Ley 40 Horas: segunda etapa y lo que le toca calcular a tu estudio contable
Resumen
Desde el 26 de abril de 2026 rige en Chile la segunda etapa de la Ley 21.561, conocida como Ley de 40 Horas: la jornada ordinaria máxima bajó de 44 a 42 horas semanales. No es la primera reducción (esa fue en 2024, de 45 a 44 horas) ni será la última (en 2028 se llega a las 40 horas definitivas), pero sí es la que más ajustes operativos exige a las empresas que todavía no habían automatizado el control de asistencia ni actualizado sus anexos de contrato.

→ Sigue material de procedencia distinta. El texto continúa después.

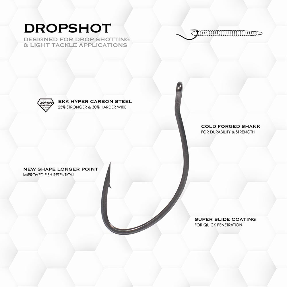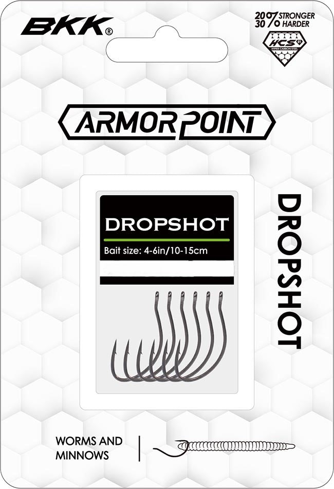 • The all new BKK Armor-Point Dropshot Hooks were developed for drop shotting and other light tackle applications that require strength and sharpness that is unmatched!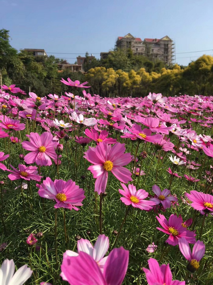 前格村花海再次绽放,虽这一次也是波斯菊,但已换了一个品种,叫七彩波斯菊,。这一次更加的五彩斑斓,更加贴近春的色彩…
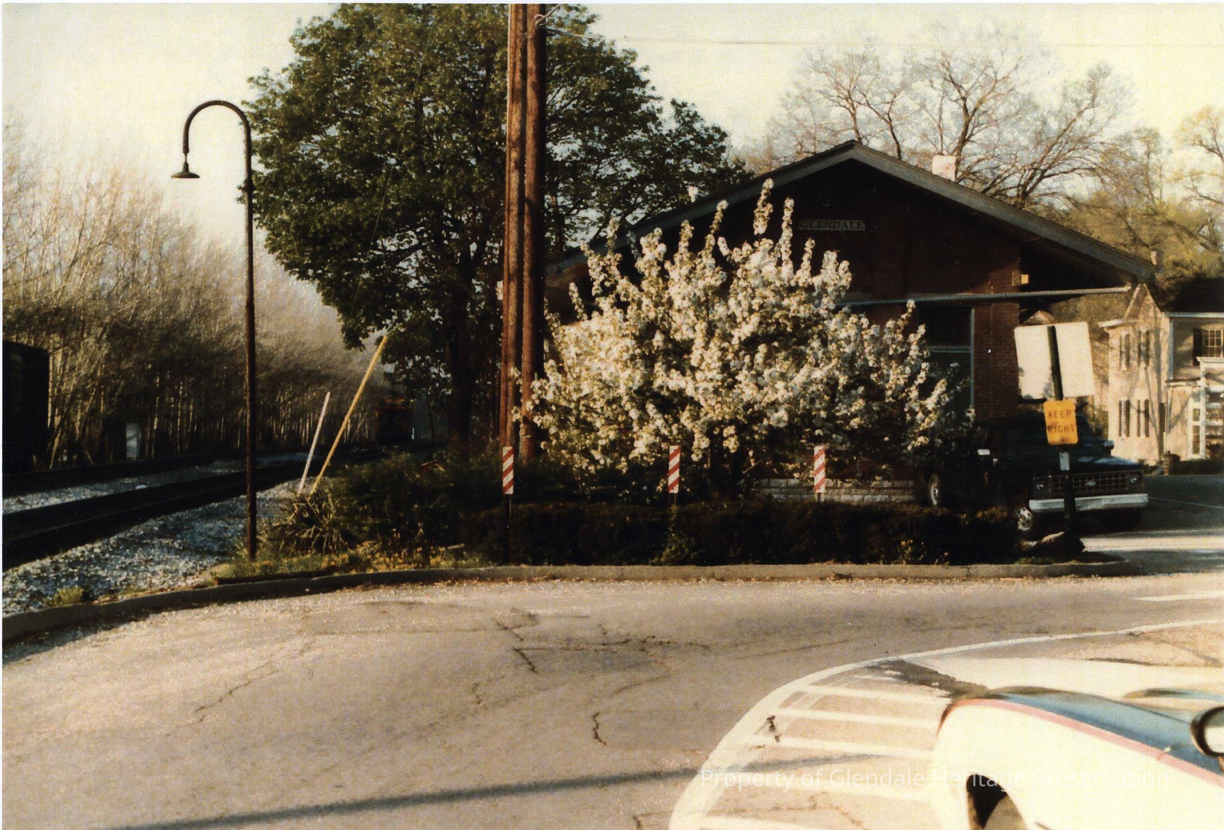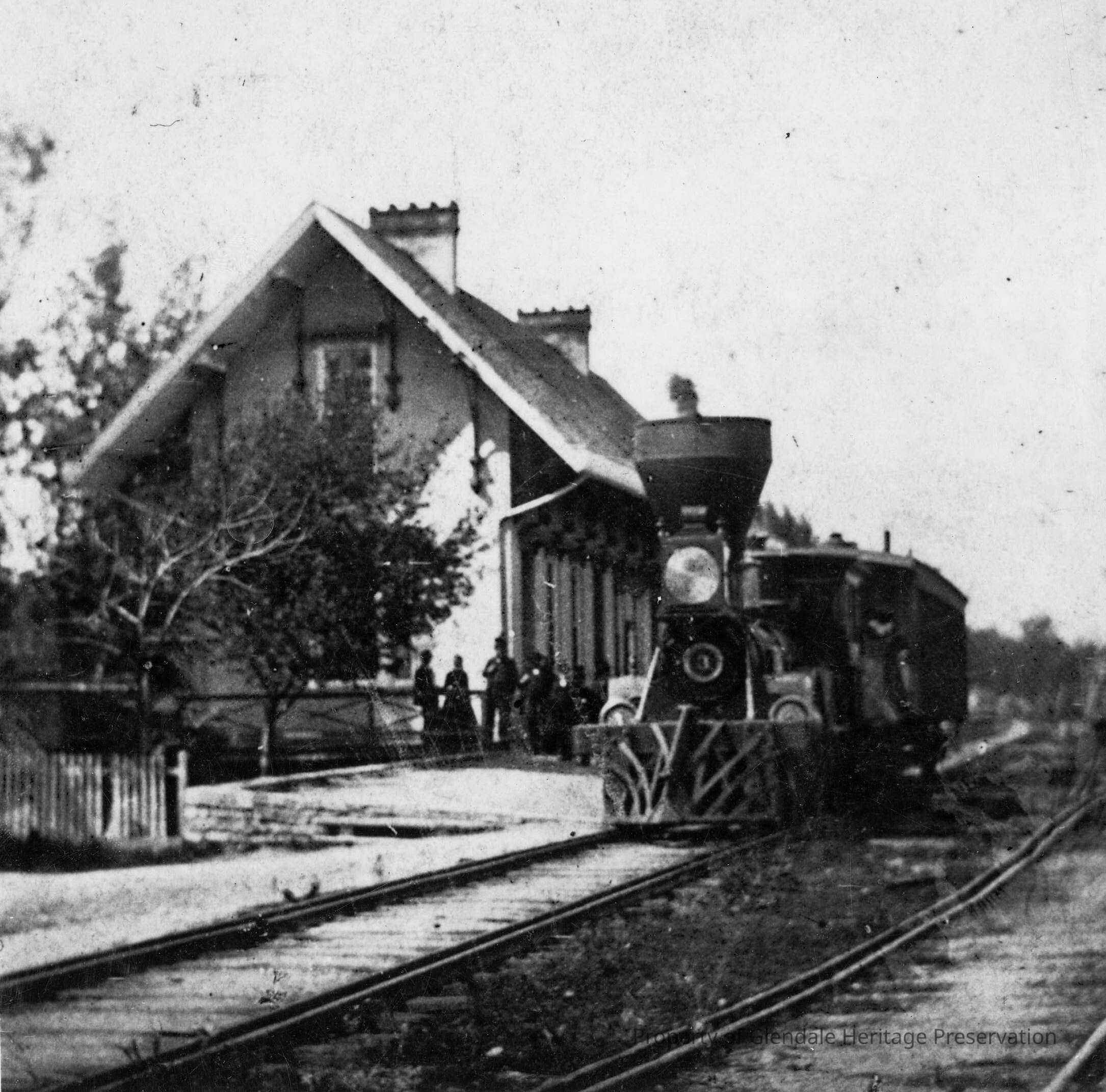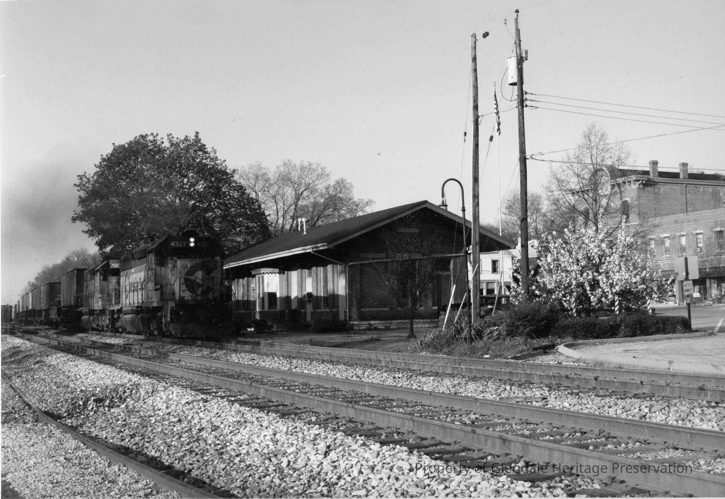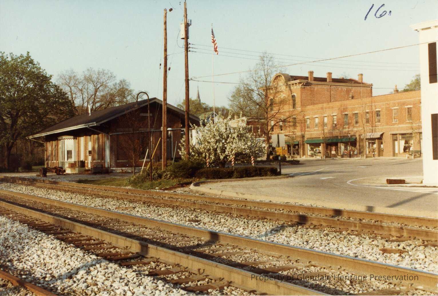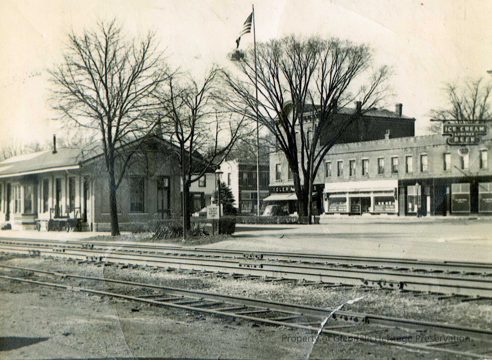 Glendale was once the terminus of the commuter line of the Cincinnati Hamilton & Dayton Railroad. The first station built on this site c. 1859 was a white wooden gothic style building. This building was destroyed in the fire of 1880. It was replaced by the brick structure. In 2020 information was made known that contradicts this timeline. Please see attached document with information from the C.H. & D Railroad records. It turns out this is a very rare photo because it shows both sets of tracks.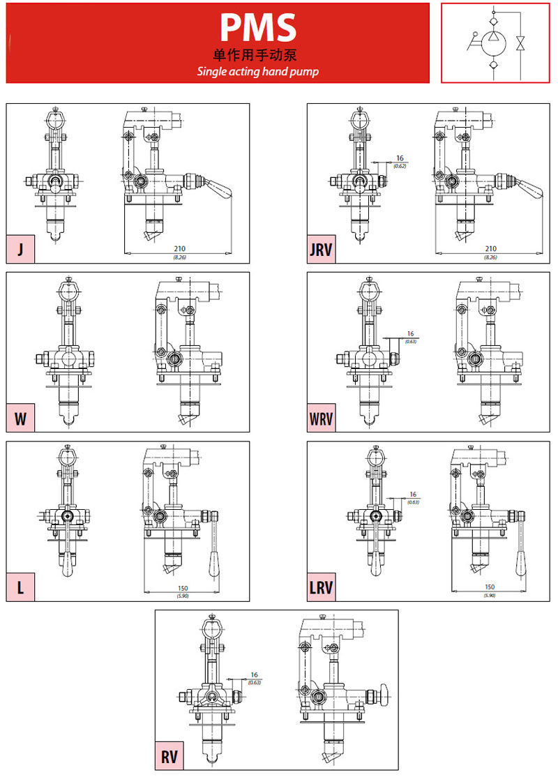 PMS6-P,PMS6-WRV,PMS12-W,PMS25-J,PMS45-L,PMS12-RV,PMS25-JRV,單作用手動泵
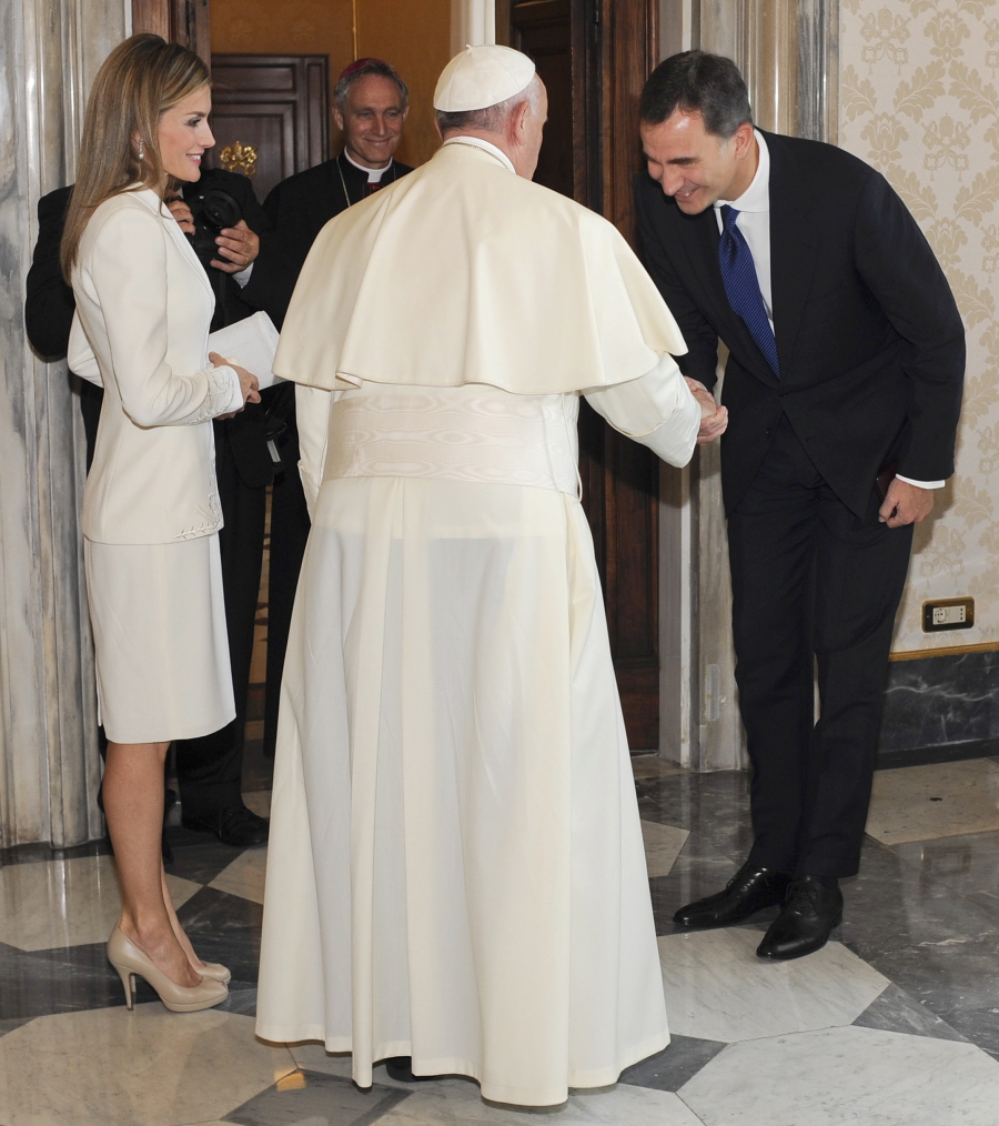 I’m also including some photos of Felipe and Letizia’s trip to the Vatican earlier this week, where they had a private audience with Pope Francis. This was the first meeting between Francis and Felipe since Felipe became King. I was side-eyeing the length of Letizia’s skirt here, so I had to double-check the papal-audience dress code. Apparently, you still get to see the Pope when you’re wearing a knee-length skirt. Letizia barely made it. Again, her top half looks fine – she always looks professional and conservative from the waist up.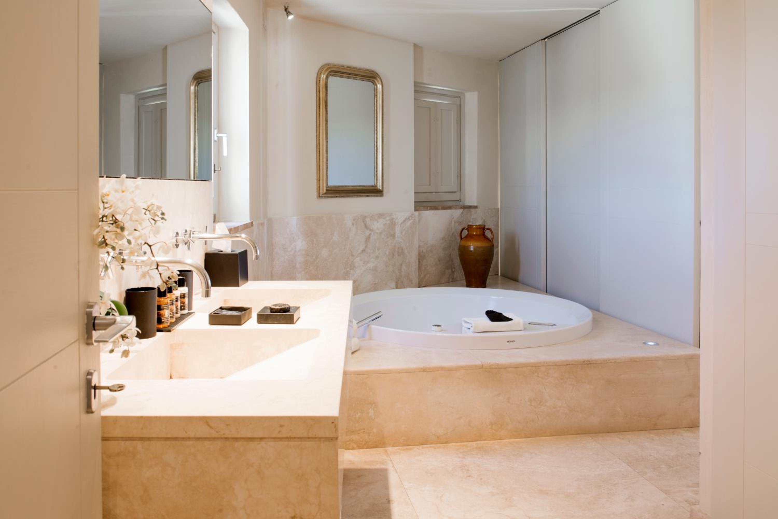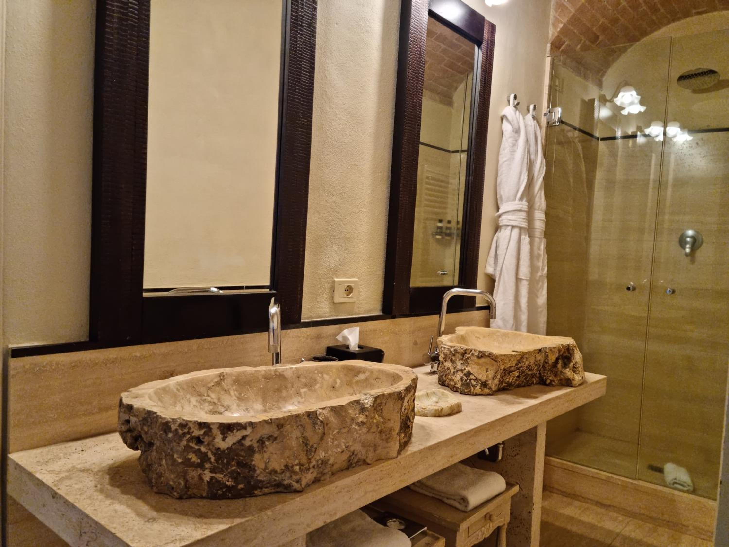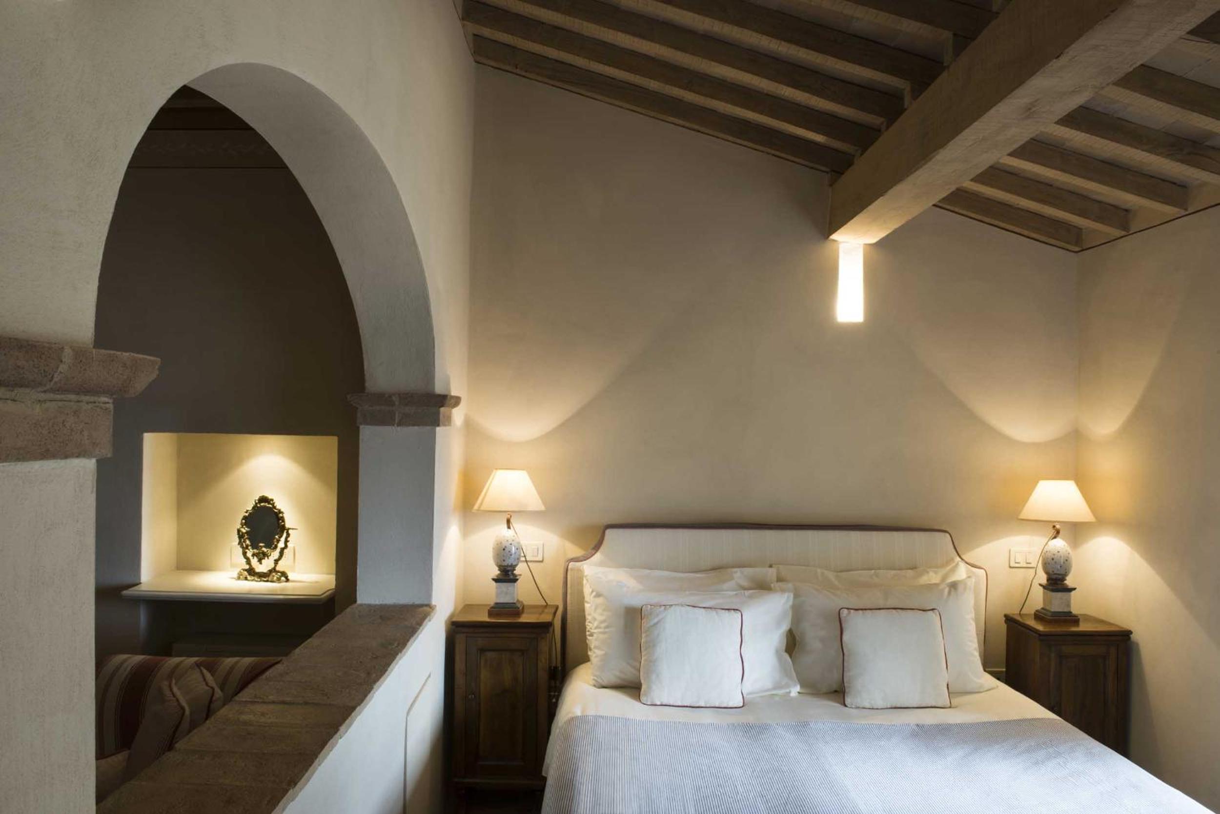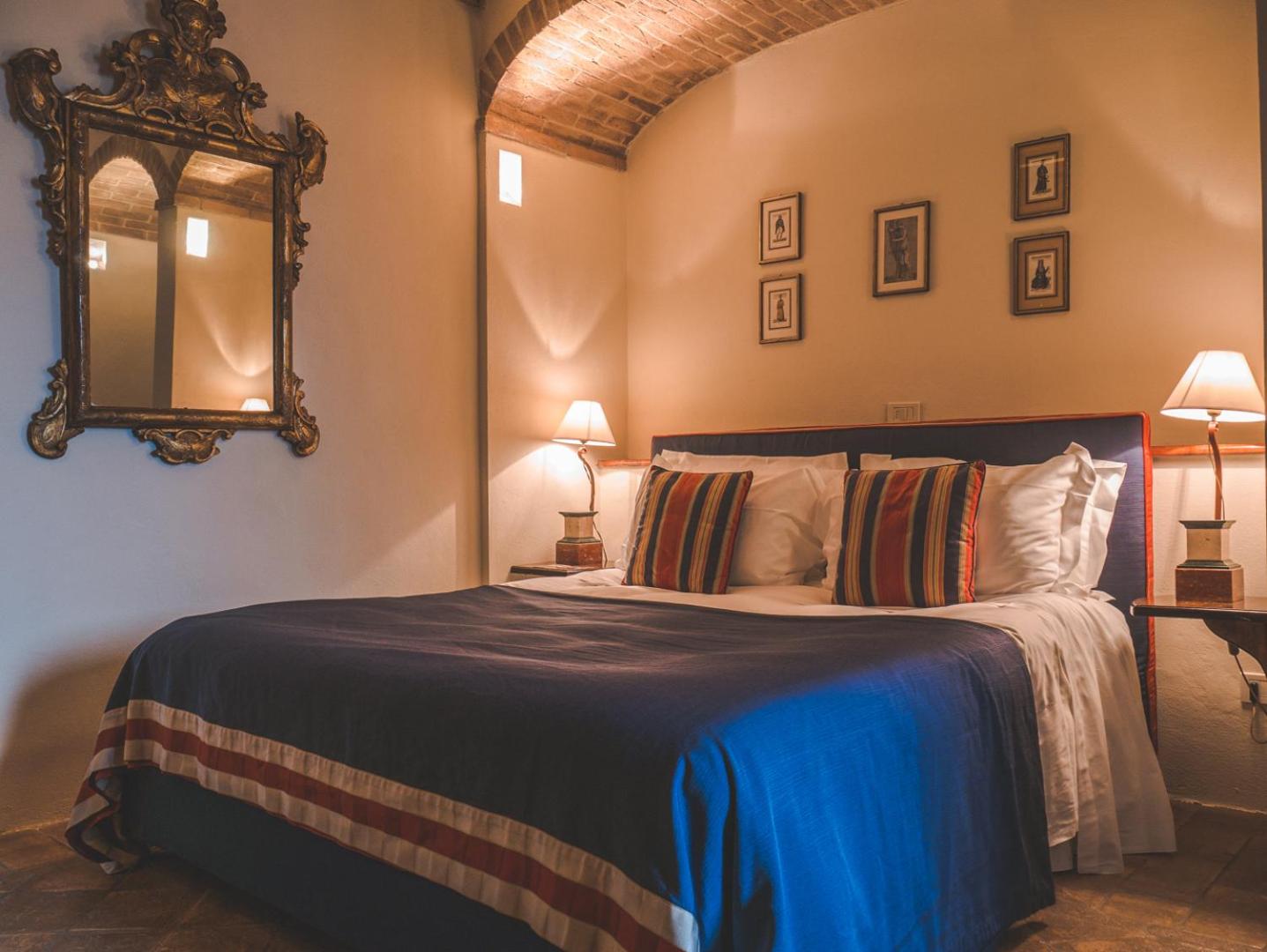 Indulge in rooms with stunning vistas of Tuscan vineyards, air conditioning, log fires, and marble bathrooms. Opt for the new wing for a private patio and a relaxing spa bath.

Para los estudios contables que también gestionan remuneraciones, la segunda mitad de 2026 es el momento de revisar que esos ajustes estén bien hechos, porque un error en el cálculo de la jornada se traduce directo en horas extra mal pagadas, anexos desactualizados o fiscalizaciones evitables de la Dirección del Trabajo.
Además, en abril de 2026 la Dirección del Trabajo emitió el Dictamen 252/20, que aclaró con qué criterio se evalúa la autonomía real de un cargo para efectos del Artículo 22, y estos mayores costos de nómina también tienen un correlato directo en el Formulario 22 de tus clientes.
Contenidos
- El cronograma completo de la Ley 40 Horas
- Qué cambió exactamente el 26 de abril de 2026
- Cómo se aplica la reducción cuando no hay acuerdo
- Lo que no cambia: sueldo, vacaciones y otros derechos
- Quiénes quedan excluidos de la reducción
- El Dictamen 252/20: cuándo la autonomía real exime del límite
- Qué significa esto para el Formulario 22 de tus clientes
- Checklist para el segundo semestre 2026
- Preguntas frecuentes
El cronograma completo de la Ley 40 Horas
La Ley 21.561 modificó el artículo 22 del Código del Trabajo para reducir de forma gradual la jornada laboral ordinaria semanal, en un proceso de cinco años que comenzó en 2024 y culmina en 2028. El calendario completo es el siguiente: el 26 de abril de 2024 la jornada bajó de 45 a 44 horas semanales; el 26 de abril de 2026 se concretó la segunda etapa, reduciéndola a 42 horas semanales; y el 26 de abril de 2028 se alcanzará el límite definitivo de 40 horas semanales. No hubo una reducción programada para 2025, lo que le dio a las empresas un año completo de margen antes del segundo ajuste.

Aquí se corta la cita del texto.